3. Ocean OSSE system design
To address the need for a rigorous ocean OSSE system, a comprehensive methodology has been developed, following the established procedure of atmospheric OSSEs. A state-of-the art community model is used and the methodology is demonstrated in a dynamically complex open sea environment (within the Gulf of Mexico), over an 8-yr period (2004–10). In the following, and unless specified otherwise, “OSSE” implies ocean OSSE.
a. Configuration of the NR and forecast models
The fraternal twin OSSE system uses two different realizations of the same ocean model type configured to produce substantially different physics and truncation errors. The Hybrid Coordinate Ocean Model (HYCOM) is a primitive equation ocean model with Lagrangian vertical coordinates that quasi-optimally resolve vertical structure throughout the ocean. The standard vertical coordinate configuration is isopycnic in the stratified ocean interior, but it dynamically transitions to level coordinates near the surface to provide resolution in the surface mixed layer. In the coastal ocean, the vertical coordinate system dynamically transitions to user-specified level or terrain-following (σ) coordinates. At the end of each baroclinic time step, a vertical grid generator attempts to restore isopycnic target densities in each layer by moving layer interfaces vertically and then remapping model layer variables. This restoration is not possible near the surface, where specified minimum layer thicknesses are maintained. Model equations are presented in Bleck (2002), while subsequent evolution and evaluation of the model is summarized in Chassignet et al. (2003) and Halliwell (2004). HYCOM allows flexible choices of vertical coordinate type (Halliwell et al. 2009) and also contains multiple choices of numerical algorithms and subgrid-scale parameterizations, all suitable for introducing different physics and truncation errors.
The two configurations chosen for the fraternal twin OSSE system employ the standard hybrid vertical coordinate system and an alternate fixed σ–z vertical coordinate system (Table 1). In the alternate configuration, σ coordinates are restricted to the inner continental shelf regions to limit regions where large pressure gradient errors may occur (Halliwell et al. 2009). The standard configuration uses the K-profile parameterization (KPP) vertical mixing scheme (Large et al. 1994), while the alternate configuration uses the Mellor–Yamada level 2.5 turbulence closure (Mellor and Yamada 1982). Horizontal mixing and diffusion coefficients are varied between the two configurations (Table 1). The vertical remapping algorithm in the hybrid grid generator is also varied, with the standard configuration using the weighted essentially nonoscillatory (WENO) algorithm and the alternate configuration using the piecewise polynomial mapper (PPM) algorithm. Vertical remapping is also necessary for the fixed σ–z configuration because the model Lagrangian vertical coordinates rely on the hybrid grid generator to restore fixed-layer thicknesses. Taken together, these choices introduce substantially different physics and truncation errors between the two model configurations. Errors in surface forcing and boundary conditions are not explicitly introduced, although small boundary condition errors may result by interpolation from the original 0.08° (the resolution of the forecast model used in the DAS) to the 0.04° resolution of the NR. It is demonstrated later that failure to explicitly introduce these errors did not compromise the validation of the OSSE system.

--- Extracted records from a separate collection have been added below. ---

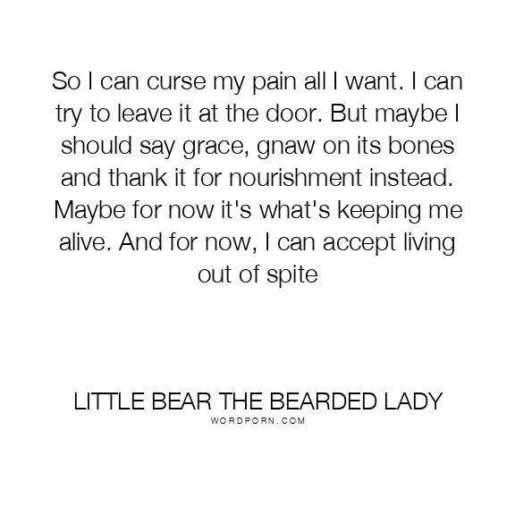 So I can curse my pain all I want. I can try to leave it at the door. But maybe I should say grace, gnaw on its bones and thank it for nourishment instead. Maybe for now it's what's keeping me alive. And for now, I can accept living out of spite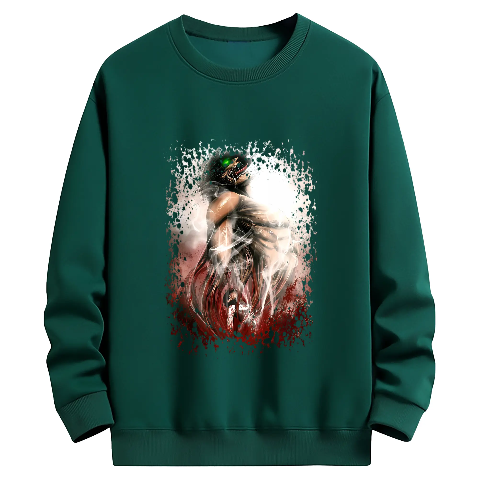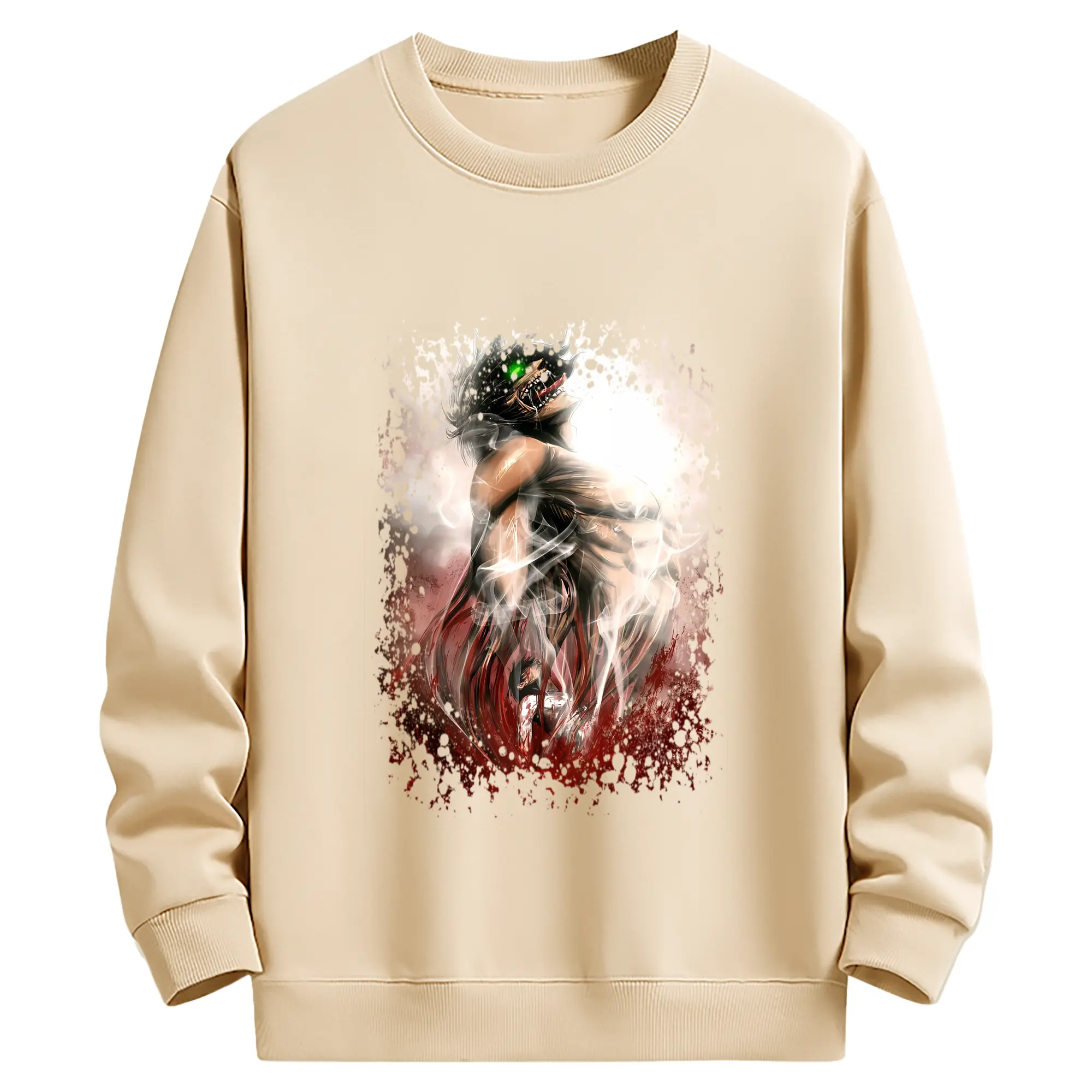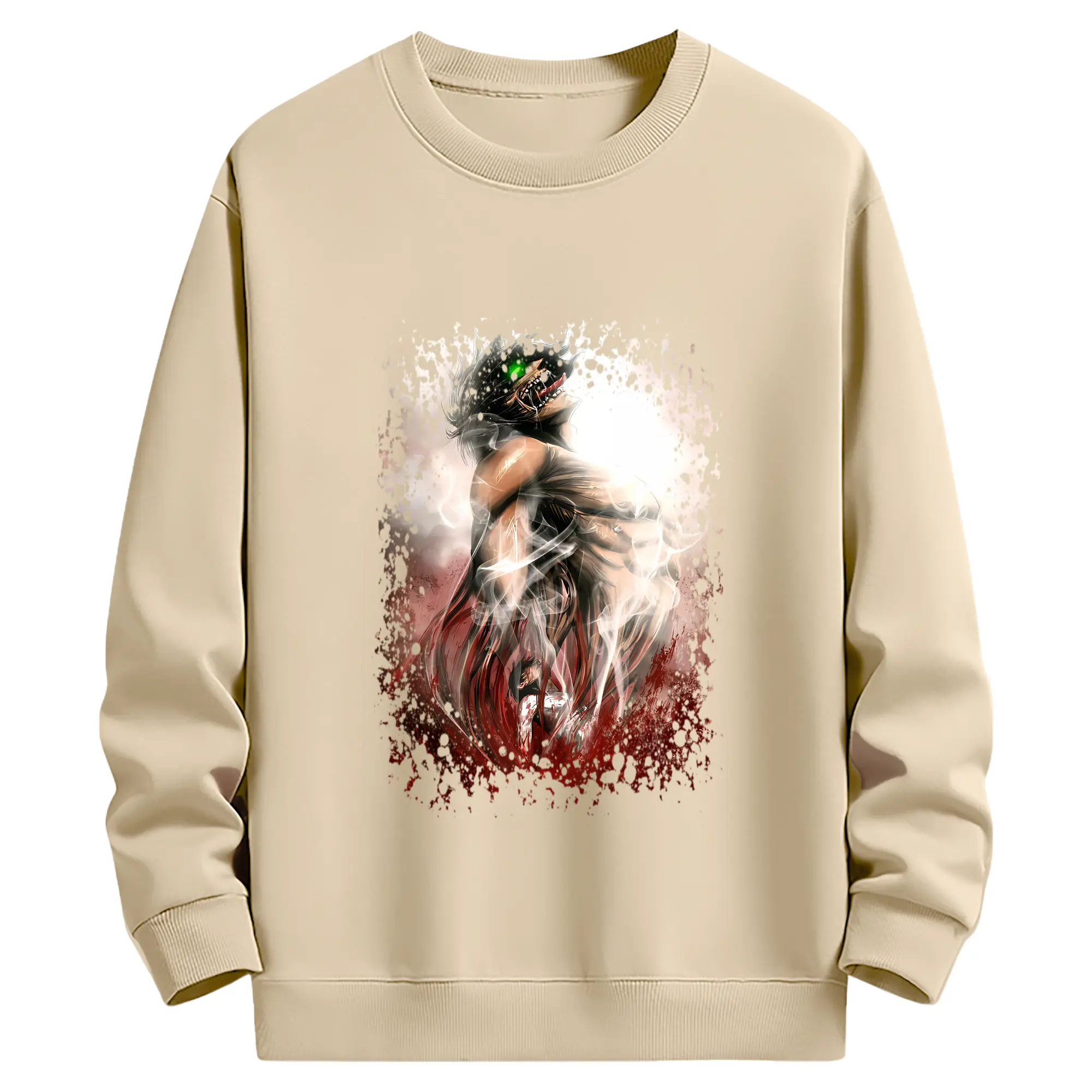 進撃の巨人 グッズ エレン・イェーガー - 薄手 クルーネック スウェット 裏毛260g · ポリエステル 春秋向け カジュアル 男女兼用 · トレーナー デイリー スポーツ 散歩に最適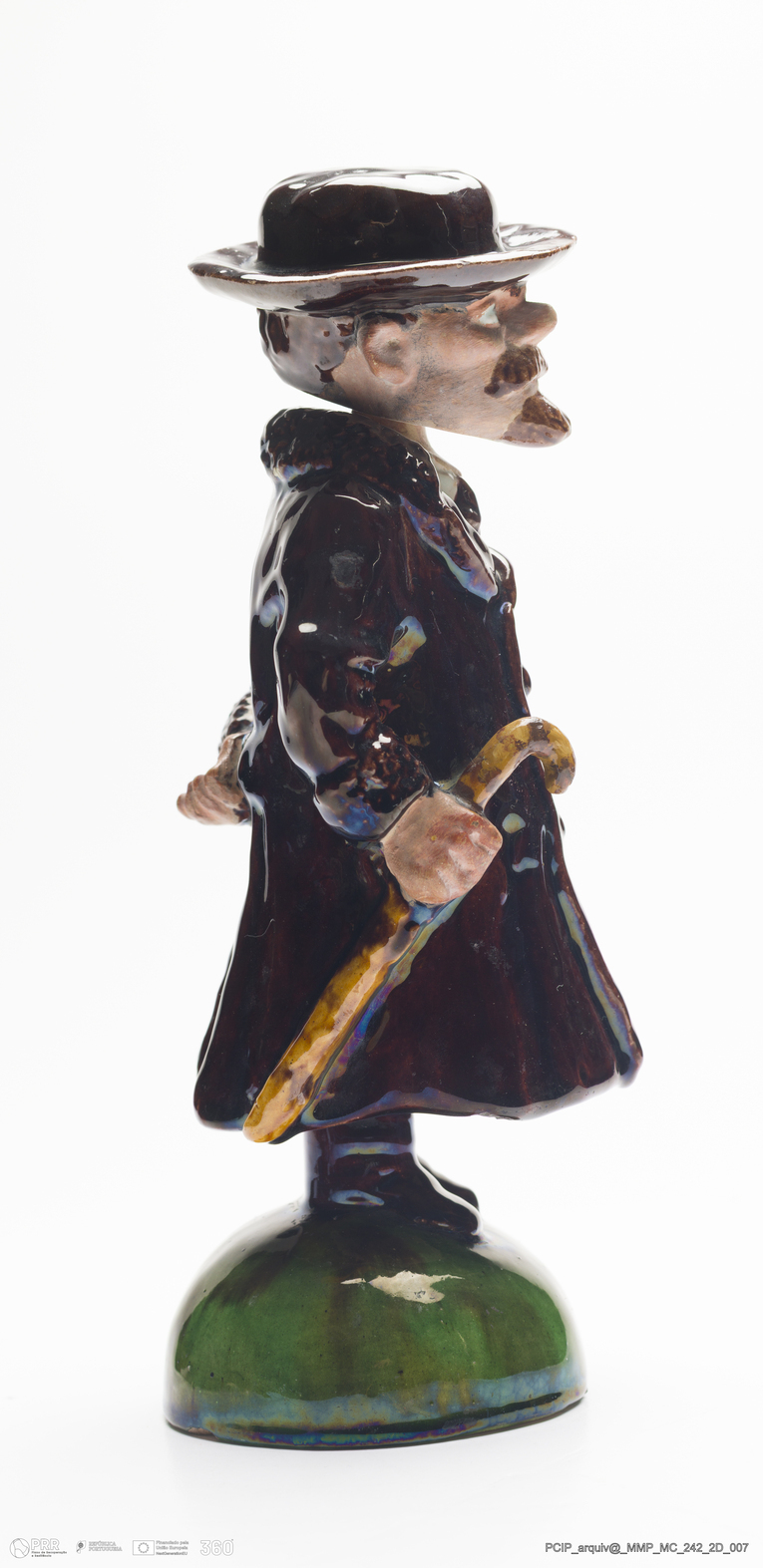 Matéria/Técnica: Barro vermelho moldado. Vidrado polícromo: verde, preto, castanho, branco e ocre. Rosto e mãos pintados a frio; Cronologia: 1906; Autoria: Rafael Bordalo Pinheiro / Fábrica Bordalo Pinheiro, Caldas da Rainha, Portugal; Dimensões (cm): Altura: 24,1; Largura: 9,1; Comprimento: 9,3.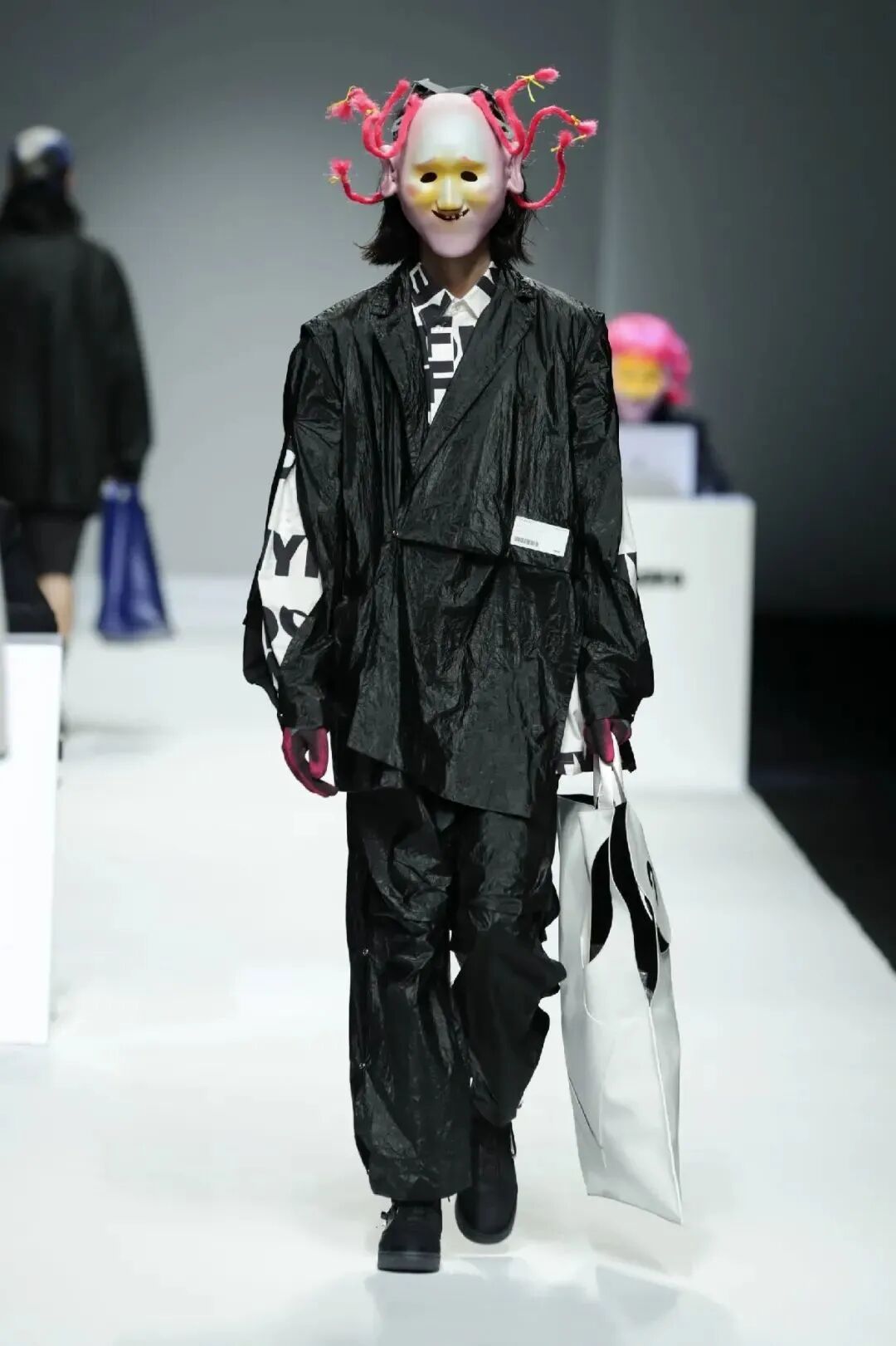 Top30与NIKE合作联名款鞋子,与FMACM合作研究可穿戴潮流装置的应用。可穿戴潮流装置对走秀模特进行emoji表情化处理,展示线上时代的角色表现。积极探索人与人、人与全新的信息社会的关系、当下青年的独立视角,把对当下生活的观察思考和对未来社会的无限探索,融入到创作中,并结合图形形式感、 艺术装置创作、鞋品设计和音乐创作,展现以「景观社会」为主题图景的时装发布秀。

b. Selection of the NR and forecast models
In an OSSE system, the NR model is chosen to perform the most statistically realistic simulation of the ocean as possible. To determine which model configuration should preferentially be chosen to perform the NR, two unconstrained high-resolution experiments (HIRES1 and HIRES2; Table 2) were run using the “standard” and “alternate” configurations listed in Table 1. Both experiments were run from 2004 through 2010 on a 0.04° Mercator mesh with 32 hybrid vertical layers. They were forced by fields obtained from a regional mesoscale atmospheric model, specifically the data-assimilative U.S. Navy Coupled Ocean–Atmosphere Mesoscale Prediction System (COAMPS) run with a horizontal resolution of 27 km. Both were also nested within a model-generated high-resolution Atlantic Ocean climate simulation performed by the Naval Research Laboratory. The initial field for 1 January 2004 used to initialize both models was obtained from a data-assimilative Gulf of Mexico (GOM) HYCOM analysis that was employed in several studies of GOM circulation (Prasad and Hogan 2007; Halliwell et al. 2009; Kourafalou et al. 2009). Model archives were saved at 6-h intervals to resolve higher-frequency variability such as near-inertial oscillations in the ocean velocity fields. Because of the identical initialization, a comparison of these model runs is conducted over the 2005–10 time interval to allow differences (errors) between the simulations to grow and equilibrate over the first year of integration.
Snapshot maps of SSH and SST along with zonal cross sections are presented to illustrate the performance of these two model configurations (Fig. 1). Important features of the circulation possess a realistic structure in both experiments, and the cross sections reveal the different vertical coordinate structure. Analysis of these and other fields demonstrated that insignificant differences exist in the realism with which each model represents the ocean variability. The Loop Current (LC) always displayed realistic pathways and also shed warm eddies in a realistic manner, although the 2005–10 time interval is too short to precisely evaluate errors in the frequency of shedding events. Eddies in the interior Gulf displayed realistic structure and variability, particularly the relatively small cyclones adjacent to the LC that often contribute to the eddy shedding process. Le Hénaff et al. (2012) evaluated another experiment that used HYCOM with a configuration similar to HIRES1, and demonstrated satisfactory thermal structure and northward extension of the LC.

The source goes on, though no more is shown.